Exercise description |
Please retype the entries below exactly, only from their first line through the line containing "23日の「あえりあ遠野」には", leaving every picture out.

Records drawn from a dataset:
+---+

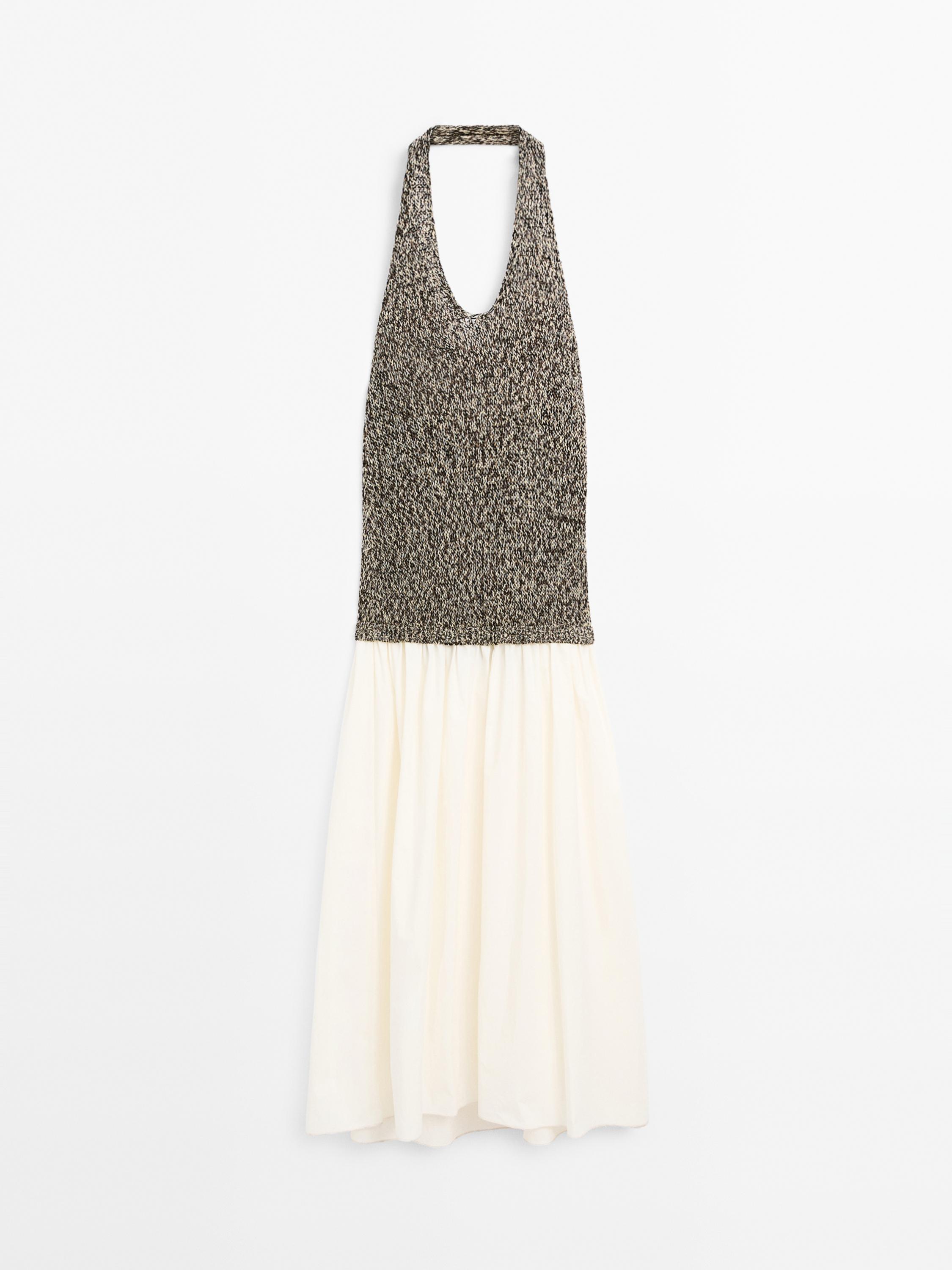 Длинное контрастное платье - студия Massimo Dutti, Vanilla
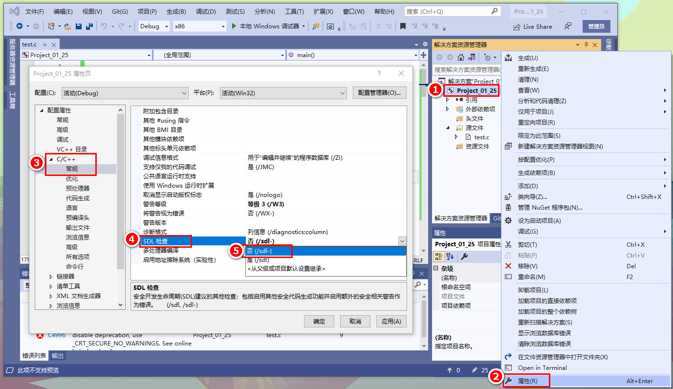 關(guān)閉步驟:右鍵“項目文件” —— “屬性” —— “配置屬性” ——“C/C++”——“常規(guī)”——“SDL檢查”改為“否”即可,如圖所示
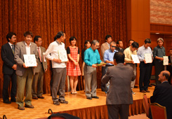 23日の「あえりあ遠野」には、被災地区も含め岩手県全体から100数十名が参加された。公開激励対局では、津波で大きな被害を出した7地区の支部選抜者とプロ棋士が対局した。そして、交流会の場でプロ棋士からそれぞれの対局相手に色紙が贈られた。100面打ちには90名の方に参加して頂いた。 |
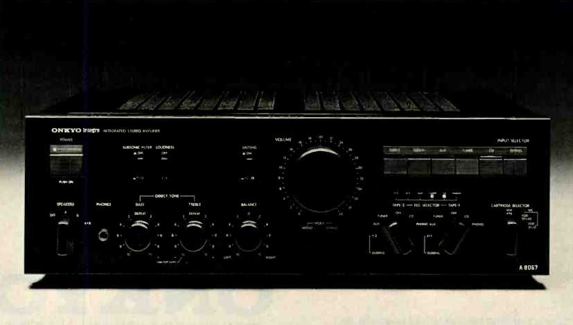 Onkyo's Real Phase Technology uses not one, but two power transformers to correct this problem. A large high capacity primary transformer together with a special In-Phase secondary transformer prevents this phase shift, providing increased power output into the loudspeaker load as the-music demands it. The result is clean, dramatic dynamics; musical peaks are reproduced with stunning clarity. Now, the dynamic range of the music can be fully realized. On the 'allowing pages, you'll find a complete explanation of the Real-Phase story. Shown in our new A-8067 Integra amplifier, with Real Phase Technology and our exclusive Dual Recording Selector. Artistry in Sound 200 Williams Drive, Ramsey, N 1.07446 The ONKYO "Real Phase" Amplifier Story Overview
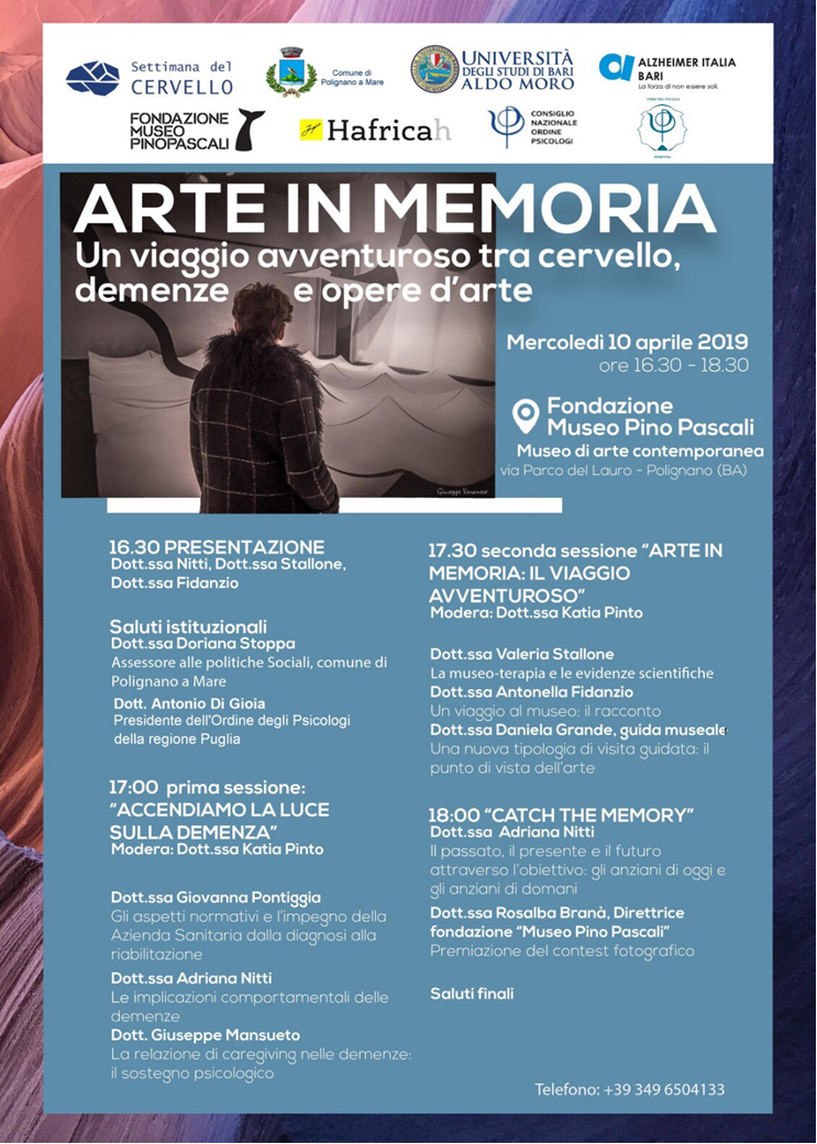 Il 10 aprile, dalle 16:30 alle 18:30, presso la Fondazione Museo Pino Pascali di Polignano (BA) in via Parco del Lauro n°119, si svolgerà l’evento “Arte in memoria. Un viaggio avventuroso tra cercello, demenze e opere d’arte” patrocinato dall’Ordine degli Psicologi della Regione Puglia.
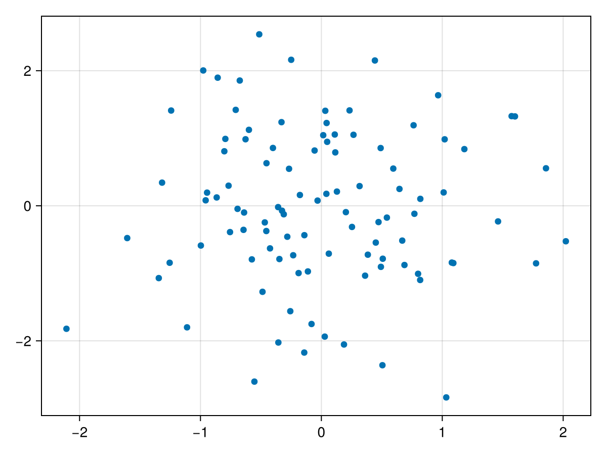 Makie.jl works around three objects : scene, figure and axis. Of these three, scene is mostly useful for 3D rendering, which, while is a nice feature, is not really useful for us. We, therefore, make use of the latter two.
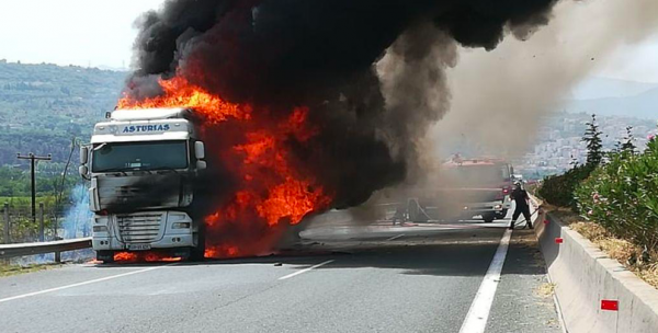 Ολοσχερώς κάηκε μια νταλίκα από τη Ρουμανία που κινούντο στην Εγνατία Οδό πολύ κοντά στη Βέροια, στο ρεύμα προς Θεσσαλονίκη. Ο οδηγός πρόλαβε και βγήκε από το όχημα.
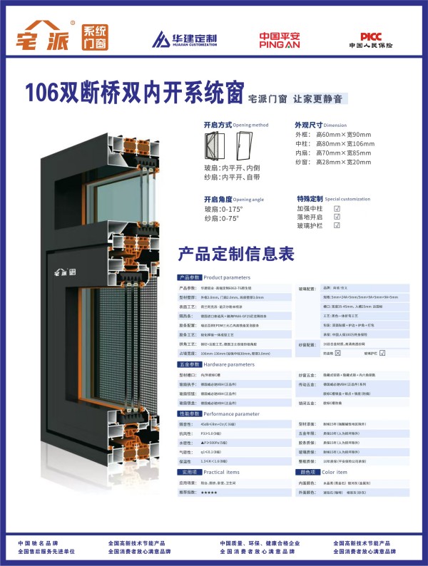 企业获得中国质量、环保、健康合格企业认证,依据GB/T 27922-2011标准被评为全国售后服务先进单位。90系列双内开平开窗通过检验(结论编号:L24-WT1189),产品质量达到国家节能标准。全系列产品由中国平安财产保险股份有限公司承保,特定产品享有中国人保提供的100万终身保险。服务能力

+---+

Your response |
 Длинное контрастное платье - студия Massimo Dutti, Vanilla
 關(guān)閉步驟:右鍵“項目文件” —— “屬性” —— “配置屬性” ——“C/C++”——“常規(guī)”——“SDL檢查”改為“否”即可,如圖所示
 23日の「あえりあ遠野」には、被災地区も含め岩手県全体から100数十名が参加された。公開激励対局では、津波で大きな被害を出した7地区の支部選抜者とプロ棋士が対局した。そして、交流会の場でプロ棋士からそれぞれの対局相手に色紙が贈られた。100面打ちには90名の方に参加して頂いた。 |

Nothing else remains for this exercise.